Ben Jonson. 1573–1637

194. A Part of an Ode to the Immortal Memory and Friendship of that noble pair, Sir Lucius Cary and Sir H. Morison

IT is not growing like a tree 
    In bulk, doth make man better be; 
Or standing long an oak, three hundred year, 
To fall a log at last, dry, bald, and sere: 
        A lily of a day         5
        Is fairer far in May, 
    Although it fall and die that night; 
    It was the plant and flower of light. 
In small proportions we just beauties see; 
And in short measures, life may perfect be.  10
 
    Call, noble Lucius, then for wine, 
    And let thy looks with gladness shine: 
Accept this garland, plant it on thy head, 
And think—nay, know—thy Morison ‘s not dead. 

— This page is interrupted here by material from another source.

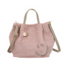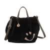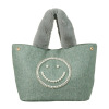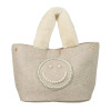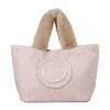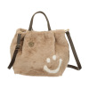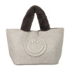 クーコ スマイリーフェイス パールビジュウ刺しゅう ふわふわハンドルバッグ
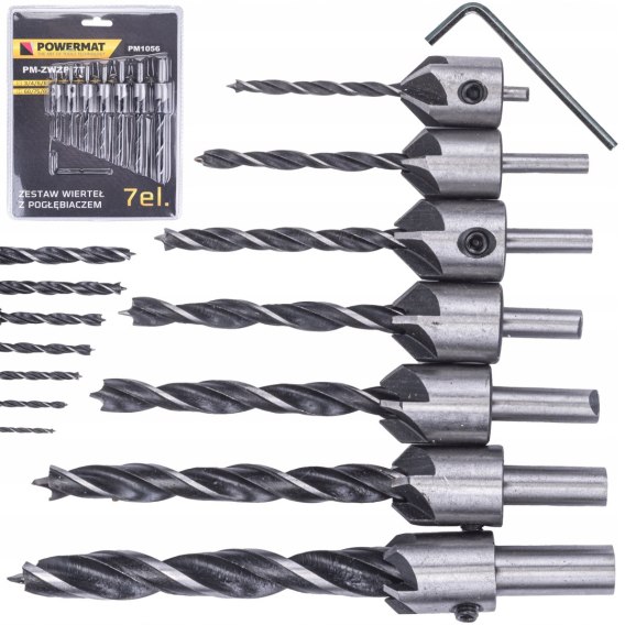 - 7 wierteł z pogłębiaczami

        He leap’d the present age,  15
        Possest with holy rage 
    To see that bright eternal Day 
    Of which we Priests and Poets say 
Such truths as we expect for happy men; 
And there he lives with memory—and Ben  20
 
Jonson: who sung this of him, ere he went 
        Himself to rest, 
Or tast a part of that full joy he meant 
        To have exprest 
    In this bright Asterism  25
    Where it were friendship’s schism— 
Were not his Lucius long with us to tarry— 
        To separate these twy 
        Lights, the Dioscuri, 
And keep the one half from his Harry.  30
But fate doth so alternate the design, 
Whilst that in Heav’n, this light on earth must shine. 
 
    And shine as you exalted are! 
    Two names of friendship, but one star: 
Of hearts the union: and those not by chance  35
Made, or indenture, or leased out to advance 
        The profits for a time. 
        No pleasures vain did chime 
    Of rimes or riots at your feasts, 
    Orgies of drink or feign’d protests;  40
But simple love of greatness and of good, 
That knits brave minds and manners more than blood. 
 
    This made you first to know the Why 
    You liked, then after, to apply 
That liking, and approach so one the t’other  45
Till either grew a portion of the other: 
        Each stylèd by his end 
        The copy of his friend. 
    You lived to be the great surnames 
    And titles by which all made claims  50
Unto the Virtue—nothing perfect done 
But as a CARY or a MORISON. 
 
And such the force the fair example had 
        As they that saw 
The good, and durst not practise it, were glad  55
        That such a law 
    Was left yet to mankind, 
    Where they might read and find 
FRIENDSHIP indeed was written, not in words, 
        And with the heart, not pen,  60
        Of two so early men, 
Whose lines her rules were and records: 
Who, ere the first down bloomèd on the chin, 
Had sow’d these fruits, and got the harvest in.